Each year, as thousands of young Nepalis pack their bags and board planes to foreign lands, we clap them on the back and say, “Best of luck!” But beneath the smiles and well-wishes, there’s an uneasy silence. One that grows louder with every departure. What we’re witnessing isn’t just a wave of students seeking better education or professionals chasing global careers; it’s a slow, steady bleed of potential. And it should worry us all.
Let’s be honest, no one leaves home for no reason. The root causes of this exodus are deeply familiar: lack of economic opportunities, political instability, poor governance, and a general disillusionment with the system. Our youth aren’t just seeking greener pastures, they’re escaping a landscape where their dreams are choked before they even take root.
According to recent data, over 700,000 students have received no-objection letters from Nepal's Ministry of Education in the past decade alone. That’s not just a statistic, it’s a generation choosing not to build their future here. And what happens when they don’t come back? We lose more than just their skills or tax contributions. We lose innovators, leaders, teachers, and thinkers. We lose the very people who could shape a better Nepal.
Yes, remittances keep our economy afloat. They’re a financial lifeline. But that comes at a cost we rarely talk about. Families grow apart. Parents age without their children beside them. Communities hollow out. And the country itself becomes dependent on an external economy that it cannot control.
There’s also a dangerous shift in the national psyche, a belief that success lies only beyond Nepal’s borders. This mindset is infectious. It seeps into classrooms, into families, into government policy itself. Instead of fixing broken systems, we adapt to their failure. Instead of reforming education, we build consultancies. Instead of generating jobs, we export our people.
But what if we looked at this differently? What if we saw our youth not as temporary citizens, but as the foundation of the future? The government needs to act, of course, with real investment in education, entrepreneurship, research, and innovation. But so do us, as a society. We need to create space for young people to dream here, not just in Melbourne or Toronto.
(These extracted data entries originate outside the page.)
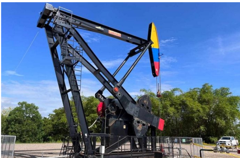
Producción de petróleo en Colombia cayó 2,4% en octubre de 2024.

El más reciente balance de Campetrol reveló que, en octubre de 2024, la fiscalizada producción de petróleo en Colombia alcanzó los 764,5 mil barriles por día (KBPD), reflejando una disminución de 2,4 % frente al mismo periodo del año anterior, equivalente a 18,5 KBPD menos.
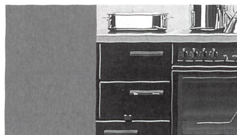
Holzherde und Kombiherde
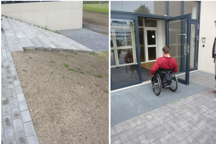
Trappe og hovedindgang.

Foran indgangsdøren var anlagt riste. Der var umiddelbart niveaufri adgang til bygningen, dog således at der ved indgangen var en kant på i alt 3 cm (en kant på 1 cm efterfulgt af endnu en kant på 2 cm). Indgangsdørene var af glas, og der var ingen markeringer på dørene.
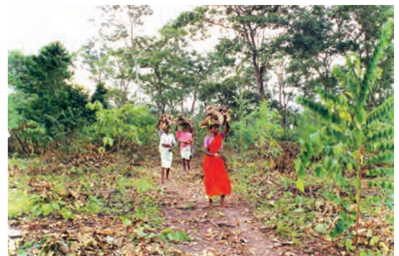
चित्र 6 - ईंधन की लकड़ी इकट्ठा कर घर को लौटती औरतें.
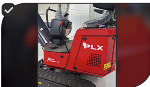
Trava de segurança
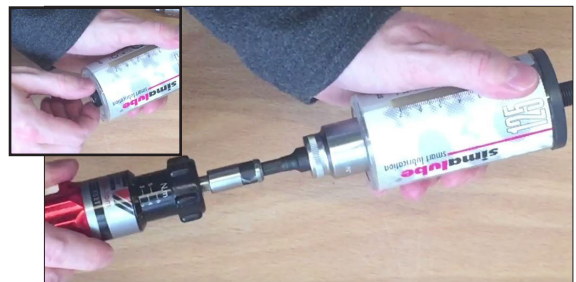
Parafusar o gerador de gás e apertar com 1,5-2,0 Nm
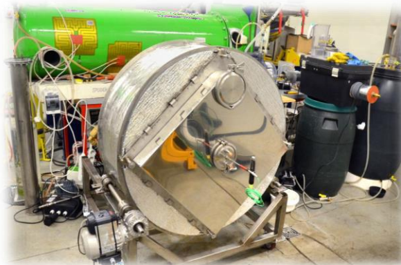
Poloprovozní anaerobní bioreaktor (fermentor)
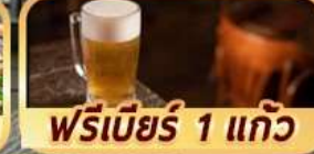
ฟรีเบียร์ 1 แก้ว
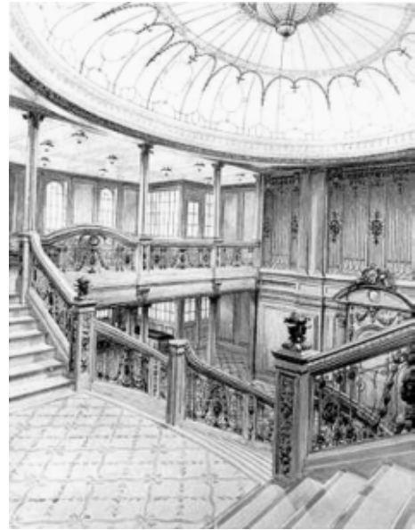
Legende zu Foto 4-5: Das Foto aus dem Katalog der Firma Welte von 1914 und entsprechende Zeichnungen unbekannter Herkunft zeigen das Treppenhauses der Britannic .

Die Firma Welte spricht von einer „ Welte-Philharmonie-Orgel an Bord eines grossen englischen Dampfers“ und nennt die Britannic nicht namentlich. Dies wohl deshalb, weil die Orgel im Spätsommer 1914 wieder ausgebaut und eingelagert werden musste und die Britannic nie als Passagierdampfer unterwegs war. Da die Britannic gesunken war, konnte die Orgel nach dem Krieg nicht wie geplant wieder eingebaut werden. Ihre Spur verliert sich. Sowohl von Seiten der Erbauer des Schiffes, Harland & Wolff im irischen Belfast, als auch von Seiten der Firma Welte sind keine Unterlagen zum Verbleib der Orgel aufzufinden.

I’ve met brilliant Nepalis working in labs in Europe, teaching in American universities, designing in Tokyo, coding in Silicon Valley. They left because they didn’t feel seen, supported, or valued at home. And until we change that, structurally, culturally, emotionally, the flights will keep taking off.
Brain drain isn’t just an economic issue. It’s a crisis of faith. And it’s time we asked ourselves the hard question: Are we building a country our young people want to return to? Or are we just waving them goodbye, hoping that their success abroad will somehow substitute for our failure at home?
Because if we keep losing the best of us, what will be left?